Ed ecco di nuovo alla carica.
“Uffa non sono pasticciona! Forse un pochino ma non così esageratamente.”
 
Le pulizie per quanto ardue si sono dichiarate le affrontiamo con tranquillità. Albert nel frattempo mi ha tempestato di domande.
- Allora . . . ce l’hai il fidanzatino? – mi chiede ad un tratto.
“C-cosa?”. sbuffo ridendo alla sua domanda. Ho già capito dove vuole ad andar a parare, ma se lo scorda se vuole “provarci” con me. È tempo sprecato, non sono né il suo tipo ne tanto meno sono capace di sostenere una relazione del genere. Mi è già complicato relazionarmi con gli altri, figuriamoci un fidanzato . . . cosa da pazzi.
- Pronto! Qui pianeta terra chiama Evee! – mi sventola una mano in faccia.
- E-e- no, non ce l’ho e non lo voglio! Sto bene così. – rispondo a più mandate perché sono diventata rosso fuoco a causa di Albert distante poco di due millimetri dalla mia faccia.
-Cosa? – fa lui deluso, confuso misto a un che di smarrimento dalla mia risposta.
Poi la vedo. E ringrazio tutte le divinità esistenti per essere lì sul pianoforte messa in bella vista, così da potermi salvare da questo terzo grado in corso.
- Oh una lettera. . . – dico appena così da allontanarmi da Albert.
Con grandi falcate mi precipito vicino al mio adorato pianoforte e prendo la lettera. Benedico quell’uomo che me l’ha lasciata e la apro.

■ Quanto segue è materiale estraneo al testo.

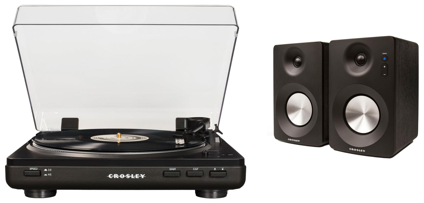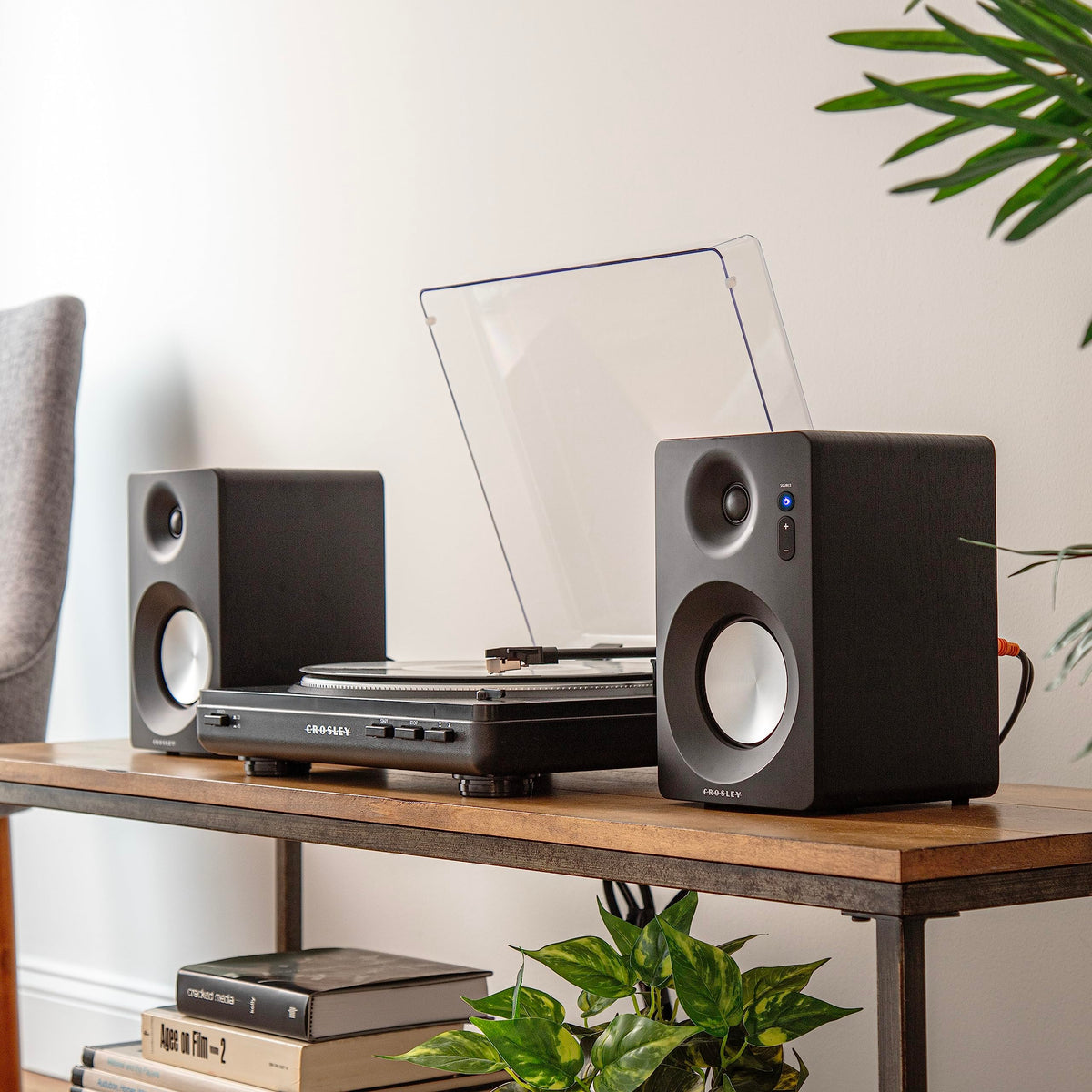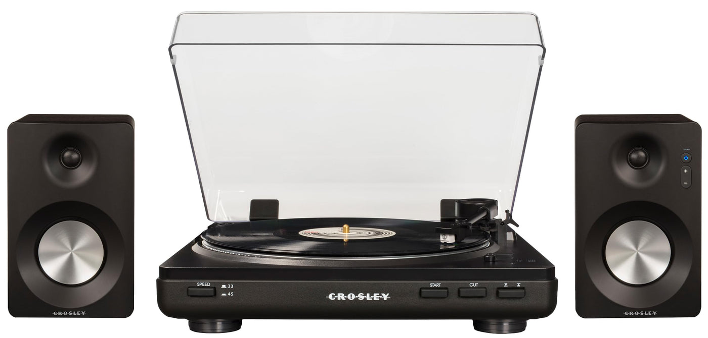 Crosley T400D-Bk Fully Automatic Bluetooth 2-Speed Turntable Record Player With S100A Stereo Speakers, Black

“Qual è il primo sentimento che noi essere umani proviamo? La tristezza! Per quando può sembrare strano è il primo sentimento che proviamo appena nati.
Quando il bimbo nasce e si stacca dalla madre lui piange.
E poi?
Poi ci è concessa l’ignoranza, la curiosità, la falsità, l’inettitudine, la rabbia, l’odio e l’indifferenza.
Non ci è concesso l’amore, però. In quanto sentimento/illusione creato da noi stessi per vivere in tranquillità e in armonia con gli altri.
Certo chi ci riesce per davvero, ha trovato la pace in se stesso. È riuscito a dire no all’odio, all’orgoglio, alla vanità e a tutti i sentimenti negativi che ci possono essere.
Come se non bastasse siamo tutti accumunati dallo stesso destino. Indossare maschere. Maschere di vetro, di ferro e porcellana.
Ma tolta la maschera cosa siamo? Me lo sono sempre chiesto.
Ma mi sono chiesto con più insistenza, io ho una maschera? All’inizio rimanevo in silenzio per rifletterci, poi le mie labbra istintivamente si sono piegate in ghigno. Pur non sapendone il motivo. Ma! Sono arrivato alla conclusione che, si, anche io ho una maschera. Una maschera per non far vedere agli altri chi sono veramente. non mi piace esce scrutato o visto da tutti.
Anche perché mi considererebbero pazzo, psicopatico, malato, schizzo frenetico con tanto di istinti omicida.
Metto la maschera per non far vedere nessuna sensazione o emozione. Del resto ,ormai, questo non importa più a nessuno. Quello che importa agli altri è solo l’apparenza. Punto. Non c’è altro.
La gente non si ferma più a dire:” ah ma guarda quella persona com’è dentro”.  No! Semmai si fermano per dire: guarda quel pazzo!
Perché in una società del genere vieni, solo e sempre, considerato un folle, un pazzo che cerca in qualche modo ,e certe volte a modo suo, di distinguersi.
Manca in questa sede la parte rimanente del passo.